# Solved: Can't Uninstall CA Internet Security Suite 2009



## natds

I had CA Internet Security Suite 2009 installed, I wanted to remove it. I tried doing so through control panel, which removed everything but the Antivirus and Firewall which I suppose may have still been running in memory at the time. After the first restart after everything else uninstalled I tried to remove them and I was getting some error 9026 uninstallation error, unable to initialize uninstallation for both. I tried using the uninstallers posted in the support section of their website and one of them seemed to be running through a lot of files and registry entries and deleting them, but after I restarted the Antivirus and Firewall are still installed and enabled. I tried deleting the CA folder and I'm told I don't have permission. When I ran one of the uninstallers it gives some message like "this is what would have been displayed if uninstalling ca internet security suite 2009-r5" before the window quickly closes. I tried uninstalling under safe mode and stopping any processes I thought were CA using task manager and I get the unable to initialize uninstall error 9026 every time. I'm running Windows Vista 64-bit SP2. I tried filling out their support form and get this error message in Firefox:
The data area passed to a system call is too small. 
In IE it just says it can't load the next page. 
Does anyone have anything that might help? I've never seen anything like this, a program that refuses to be gotten rid of. They say they charge for phone support. I found some post of someone else's who also has Vista 64-bit and couldn't uninstall the antivirus or firewall, and they claimed that some program called you installer removed it for them. Well I tried that, it seemed to actually get rid of it, but once I restarted after it said it was gone, there was the CA Security suite still sitting in Add/Remove programs, the programs were still running in the background though the taskbar icon hasn't shown up since i uninstalled the other components. The CA folder is still there and I get access denied errors if I try to delete it. I've already posted on the CA forums where other people who have used it post and didn't get any help there, its really quite dead. How am I supposed to remove this? If you don't know the solution where is the place I should be asking about so complex a problem as this? I need those with serious knowledge.


----------



## Kenny94

The link below should help:

http://homeofficekb.ca.com/CIDocume...eturn=0&GUID=DF325E0AA0AB4264AF47E4BEA49F571B


----------



## natds

That is one of the several CA uninstallers I've tried. None of them seem to be functional for 64 bit installations.


----------



## Rich-M

This might be a case for Revo Uninstaller. Try it if it does not work install it again and then use the uninstall programs to take it out instead of Control Panel uninstaller.
http://www.revouninstaller.com/


----------



## perfume

Dear natds,
As RICH-M said, download the "Revo Uninstaller" and see if CA is visible there (it should be, because CA is also in the Add/Remove). Revo does a real total uninstall if you choose the level 4 button, that's the one listed at the bottom. Either way you'll have to tackle the Registry, to remove the entries/changes CA made there. Empty the Recycle bin at the end. Kindly reboot and CA should be gone.:up:


----------



## Kenny94

If Revo Uninstaller does not work, post a HijackThis log. I guess we'll treat CA as malware removal..

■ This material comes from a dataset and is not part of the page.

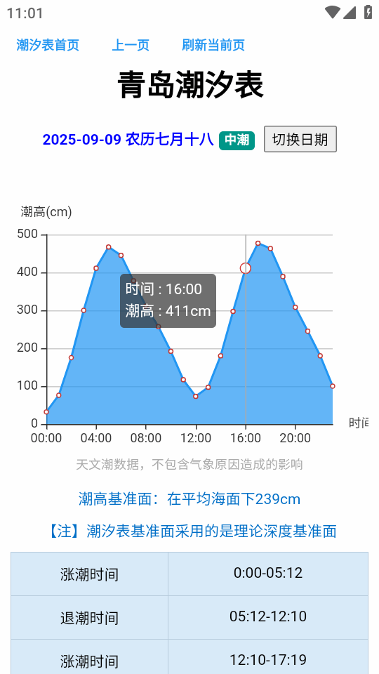 5、点开就可以看到最新的潮汐表,还可以切换日期查看。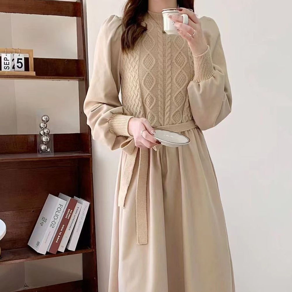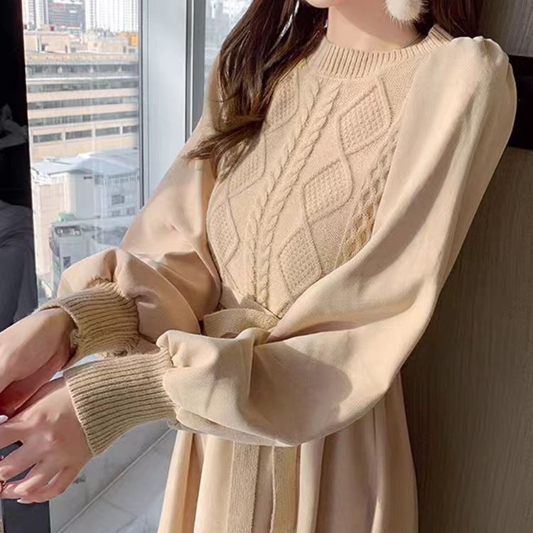 Kvinnes strikket kjole med voluminøse ermer og strukturert topp Skjora

*Click here* to download *HJTInstall.exe*

Save *HJTInstall.exe* to your desktop.
Doubleclick on the *HJTInstall.exe* icon on your desktop.
By default it will install to *C:\Program Files\Trend Micro\HijackThis* . 
Click on *Install*.
It will create a HijackThis icon on the desktop.
Once installed, it will launch *Hijackthis*.
Click on the *Do a system scan and save a logfile* button. It will scan and the log should open in notepad.
Click on "Edit > Select All" then click on "Edit > Copy" to copy the entire contents of the log.
Come back here to this thread and Paste the log in your next reply.
*DO NOT* have Hijackthis fix anything yet. Most of what it finds will be harmless or even required. 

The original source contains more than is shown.